Posted by
**Nora 56** on
.

Posted by Nora 56 on Sunday, June 2, 2013 at 7:32pm.

Sorry to repost but no one answered after I posted on the 2nd,please help,

Suppose that you are in a class of 31 students and it is assumed that approximately 13% of the population is left-handed. (Give your answers correct to three decimal places.)

(a) Compute the probability that exactly five students are left-handed.

Answer .161

(b) Compute the probability that at most four students are left-handed.

Answer .129

(c) Compute the probability that at least six students are left-handed.

Answer .193

•Math check answer - bobpursley, Sunday, June 2, 2013 at 8:19pm

a. what is .13^5 * .87^(31-5) >

Put .13^5 * .87^(31-5)= in your google search window.

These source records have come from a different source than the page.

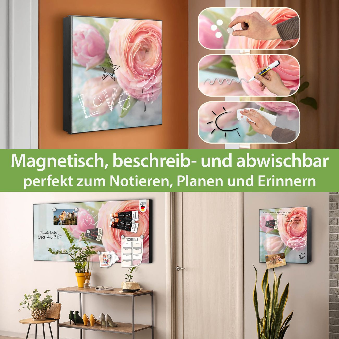 ✅ Magnetisch und mit Kreidestift beschreibbar, rechts angeschlagene TürOrdnung und Design in einem
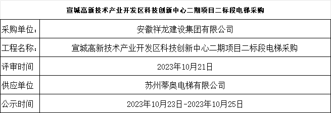 宣城高新技術(shù)產(chǎn)業(yè)開發(fā)區(qū)科技創(chuàng)新中心二期項(xiàng)目二標(biāo)段電梯采購結(jié)果公示
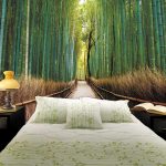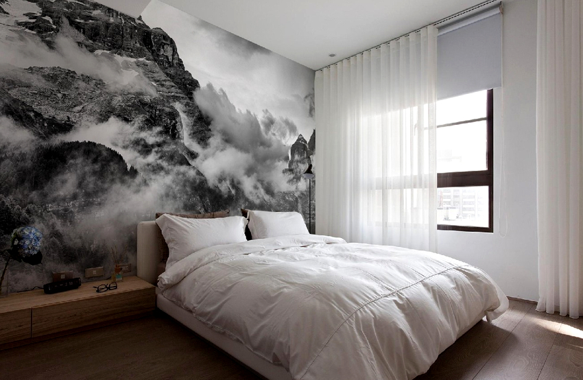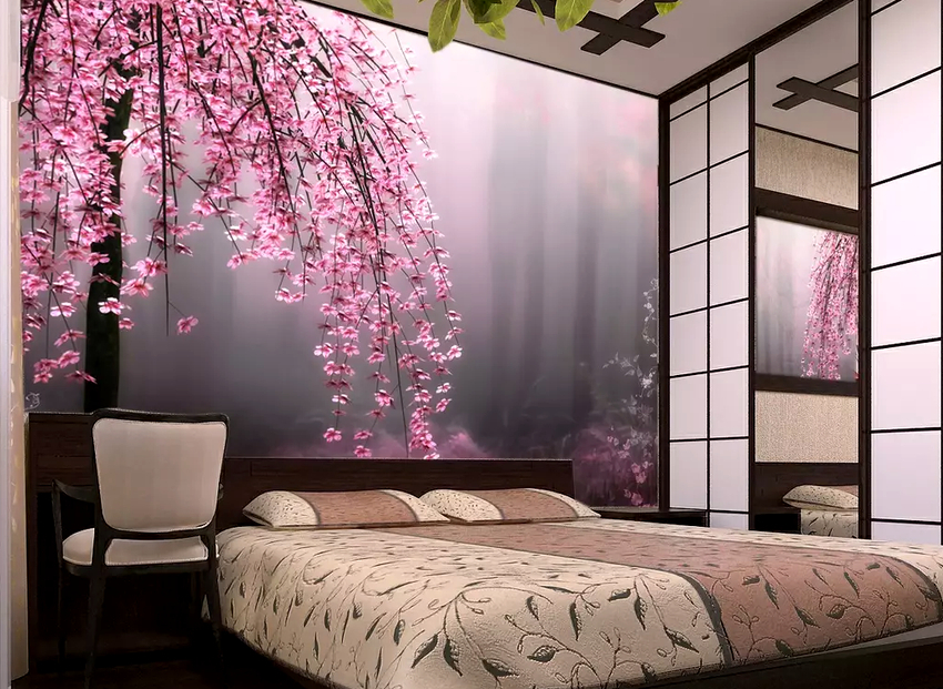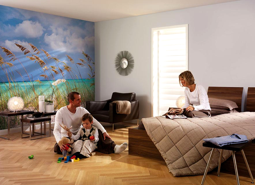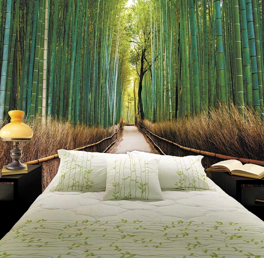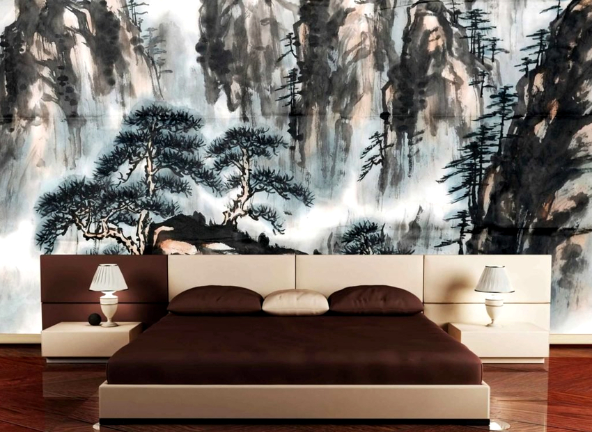 Тапет в спалнята най-често се поставя над главата на леглото. Платната визуално го отделят от останалото пространство, като по този начин обозначават зоната за сън. Освен това фотографското изображение може да се превърне в красиво и хармонично продължение на таблата на леглото.

b. at most four students...

add the probabliliy of one, two, three, four, and none are left handed.

Pr=.13^0*.87^31+.13^1*.87^30 + ...

c. at least six?

that is the same as 1- probability5orless

= 1- Pr(a)-Pr (b) where pr(a), pr(b) is in part a, and b.

•Math check answer - Nora 56, Thursday, June 6, 2013 at 10:01am

I worked this out like you said above and got (a)9.936 (b)9.955 and both of them were wrong, any suggestions????